M. Stewart a répondu que l’utilisation de matériel protégé par le droit d’auteur à une nouvelle fin n’était pas en soi transformatrice.
«Imaginez un film qui n’est sorti que dans les salles de cinéma, et que quelqu’un obtient l’impression et propose de le diffuser en direct sur Internet», a-t-il déclaré. «C’est le même contenu simplement utilisé sur une plate-forme différente. Personne ne penserait à cela comme transformateur. »
Mais dans l’ensemble, M. Goldstein, l’avocat de Google, a été confronté à des questions plus hostiles que ses adversaires dans l’affaire.
« Qu’est-ce qui vous donne le droit d’utiliser leur travail original? » A demandé le juge Sotomayor.
Le juge Neil M. Gorsuch a déclaré que Google avait d’autres options que l’utilisation du code Java. «D’autres ont réussi à innover pour contourner ce problème», a-t-il déclaré.
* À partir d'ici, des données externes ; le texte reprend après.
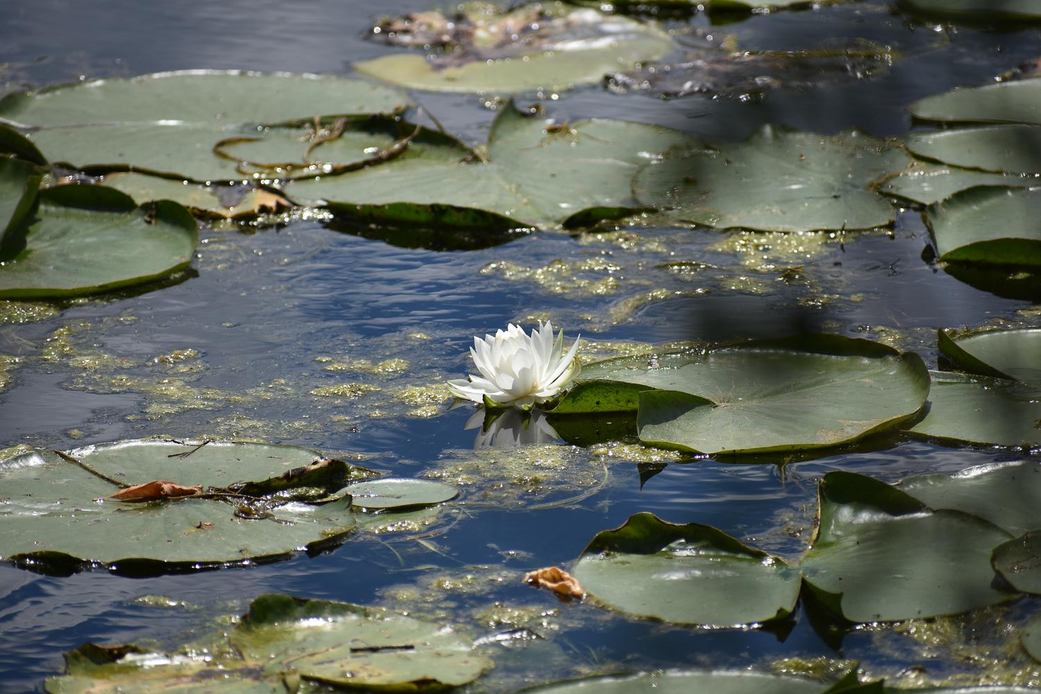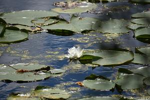 A lotus flower blooming among lily pads
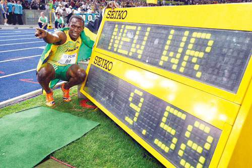 现在男子一百米纪录是由牙买加选手尤塞恩·博尔特于2009年8月17日在德国柏林田径世锦赛创造的,100米跑了9.58秒。按这个记录换算一下,博尔特的速度10.4384米/秒,大约是37.6公里/小时。5级风的风速范围为8.0-10.7米/秒,6级风的风速范围为10.8-13.8米/秒,博尔特的速度就相当在5级风内,但接近6级风的水平,也就是说,博尔特最快速度能跑赢5级风,但当风速达到6级风时,博尔特就跑不赢了。
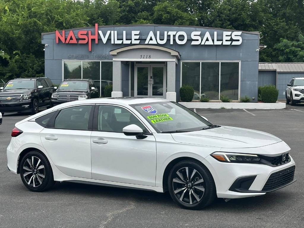 This used 2024 Honda Civic Hatchback EX-L is listed at $24,900 by nashville auto sales in Nashville, TN 37211. It has 11,640 miles on the odometer. The exterior color is White. It features a FWD drivetrain with a 1.5L I4 engine and CVT transmission.
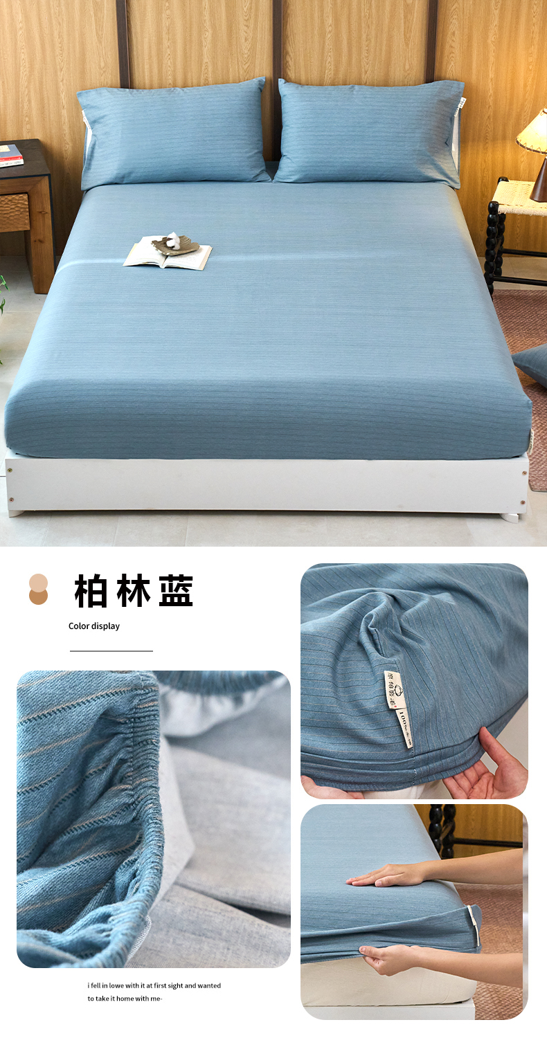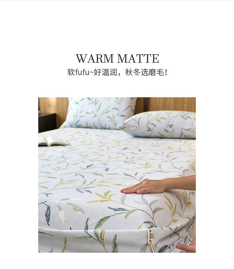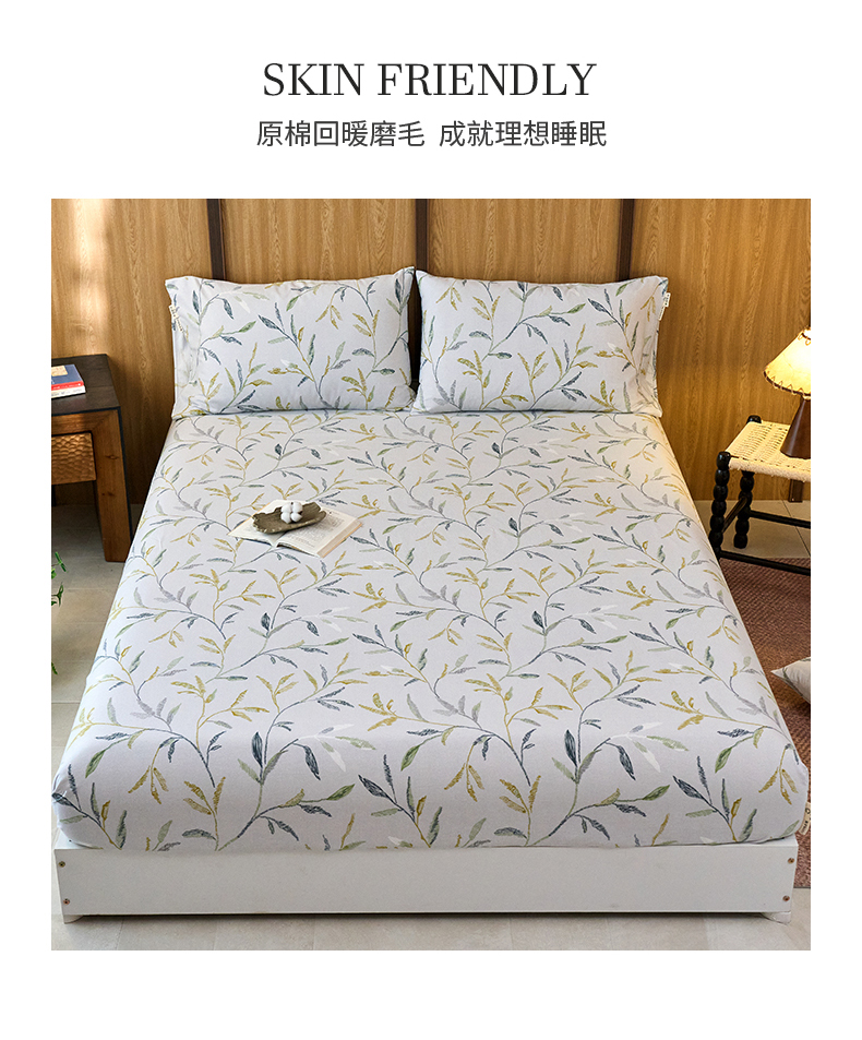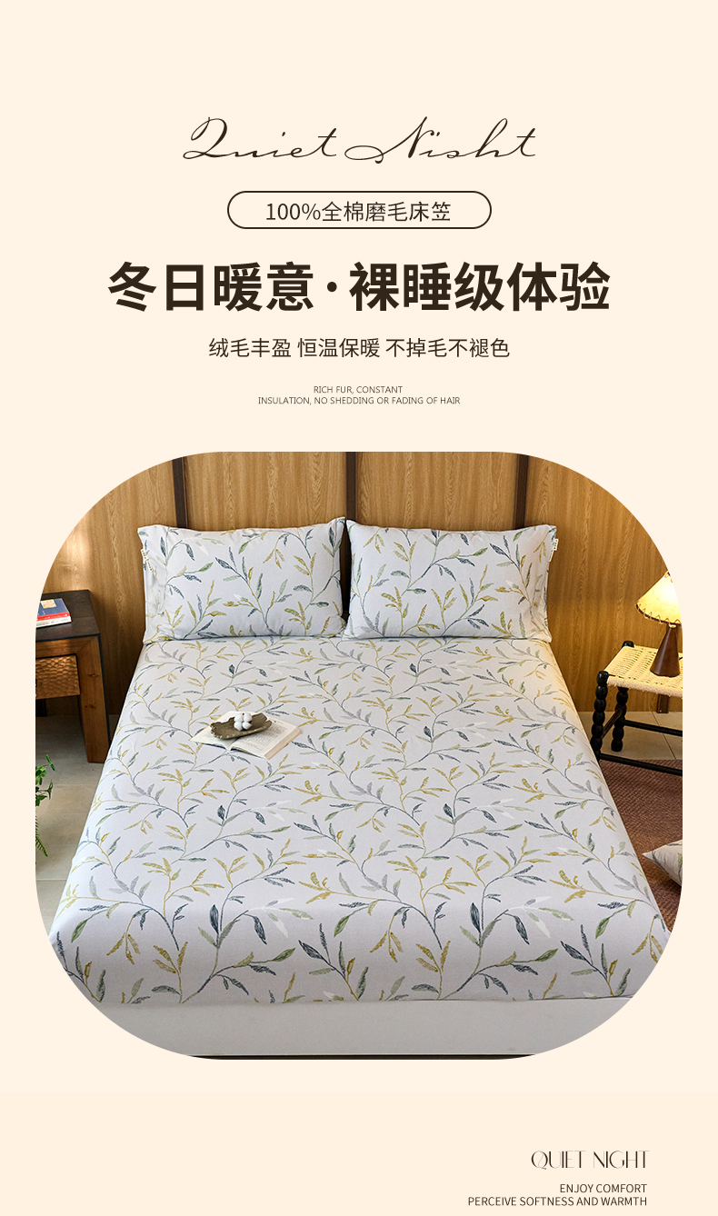 春皖家纺 2025新款全棉原棉磨毛色织水洗单床笠回暖系列-风格二 叶晴川
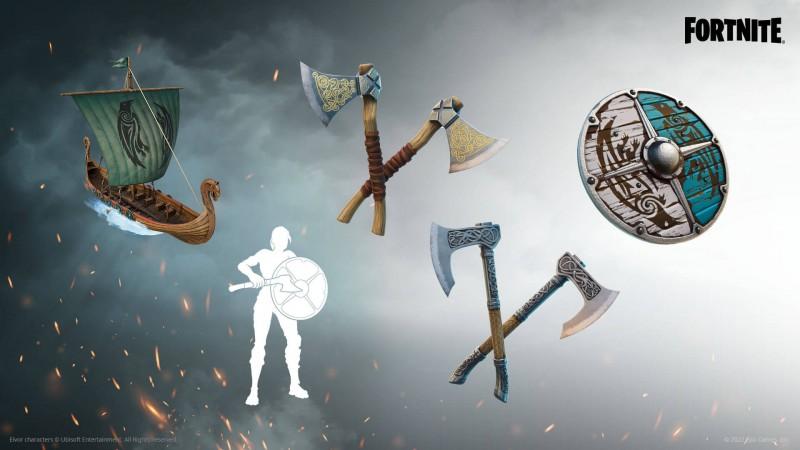 Epic Games는 Ezio Auditore 복장(및 Ezio의 히든 블레이드 곡괭이 및 Assassin’s Strike Emote), Eivor Varinsdottir 복장, Eivor의 Shield Back Bling(내장 Viking War Cry Emote 포함), Raven Clan 곡괭이의 Handaxes(as 내장된 Viking War Cry Emote) 및 Wolf-Kissed Longboat Glider는 Animus 번들에서 Tales의 일부로 개별적으로 또는 모두 함께 구입할 수 있습니다.

Apple et Microsoft, a-t-il déclaré, ont «été en mesure de proposer des téléphones qui fonctionnent très bien sans s’engager dans ce type de copie.
Le juge Brett M. Kavanaugh semblait également avoir des doutes. «Vous n’êtes pas autorisé à copier une chanson», a-t-il dit, «simplement parce que c’est la seule façon d’exprimer cette chanson.»